What is a Warhol?

In late 1967, Andy Warhol performed a series of college lectures in the United States. His dynamic personality and glamorous aura filled every room he entered, holding the students in rapt attention. Only it wasn’t Andy; it was Allen Midgette, a hired hand. The shy, laconic Warhol found collegiate engagements dull and wearisome, so he engaged Allen to don a wig and impersonate him, recasting his own persona as vibrant and exciting.

Andy’s proclivity toward using another person to paint his own image extended to his interviews. On a handful of occasions, he held pseudo-interviews that were just invented dialogues by his printing assistant, Gerard Malanga, in the “spirit” of Warhol. They were, of course, executed with Andy’s knowledge and consent, which made them genuine Warhol interviews.

Andy’s art imitated his life. He worked relentlessly to create industrial production methods that placed layer after layer between himself and the art production process, eventually enabling him to extract himself entirely. He began his exploration of vicarious art by painting a single original, then having his assistants copy it—“like a factory would do it,” as he said—to extend his prolificacy.

His first experiment with editioned screenprints, a leap toward mass production, was not actually created by Andy. After preparing the Cooking Pot print, Andy gave it to Billy Klüver, an electrical engineer, to send to Europe for editioning. For later silkscreen paintings, he would paint a background, have someone screen the actual print, then paint embellishments over the top.

Eventually, he established a bona fide art factory in New York City that churned out both prints and paintings by the hands of his assistants, blurring the line between his own artistic work and “mechanical” reproduction.

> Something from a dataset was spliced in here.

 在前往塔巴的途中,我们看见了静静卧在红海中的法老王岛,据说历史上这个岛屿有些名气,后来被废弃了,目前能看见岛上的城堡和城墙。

When he began producing portfolios, he stepped away from production completely: “The portfolios were never hand-screened by me. They were always manufactured. I chose the different colors for them.”

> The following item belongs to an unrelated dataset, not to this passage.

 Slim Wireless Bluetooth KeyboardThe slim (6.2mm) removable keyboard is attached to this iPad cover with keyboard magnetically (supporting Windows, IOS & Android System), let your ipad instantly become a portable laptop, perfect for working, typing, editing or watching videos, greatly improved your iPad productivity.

As his artistic enterprise evolved, Warhol began outsourcing the production of prints to offsite factories, supplying them with plastic sheets for replication. These external facilities, contracted by Andy Warhol Enterprises, were paid for each authorized piece they created. Rupert Jasen Smith, Warhol’s primary printer from 1977–1987, created more than 20,000 of Warhol’s prints and paintings.

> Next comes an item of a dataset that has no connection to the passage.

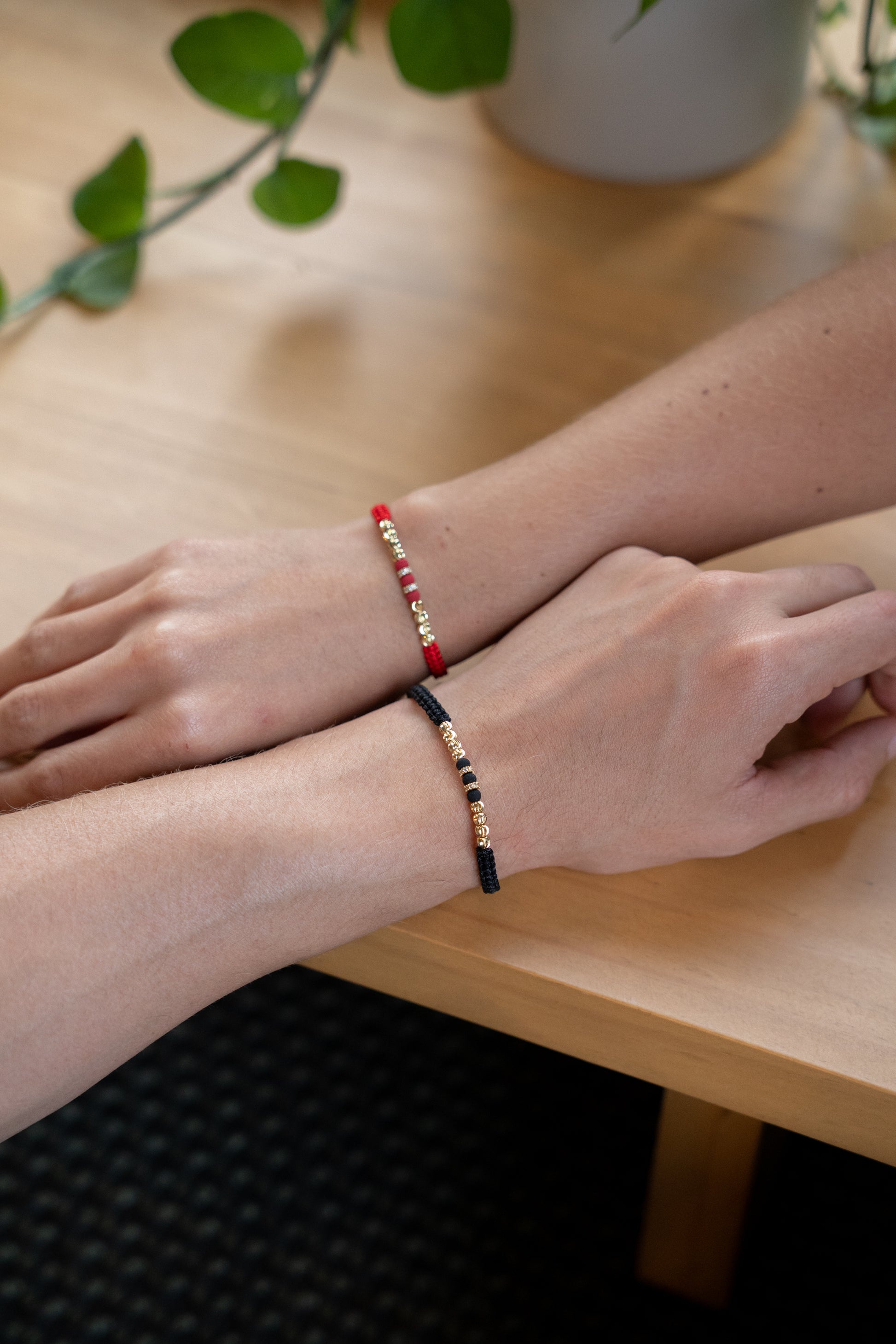 Pulsera elaborada en hilo, con balines italianos* 4mm en oro laminado, un rondel cristal y neopreno.

This begs the question: Is it still a Warhol if he never touched the print?

The Warhol Authentication Board, established by the Andy Warhol Foundation in 1995, attempted to be the arbiter of that question. The board was responsible for authenticating prints and paintings—not necessarily to eliminate forgeries, but to determine which were actually Warhols and which were produced in his sphere but were not actually his.

The board’s mission encountered varying degrees of success in its quest. In 2003, it considered a print with stellar credentials. It was signed by Warhol and dedicated to his business partner, who had bought it directly from him in 1969. Warhol even used the image for the cover of his first Catalogue Raisonné in 1970.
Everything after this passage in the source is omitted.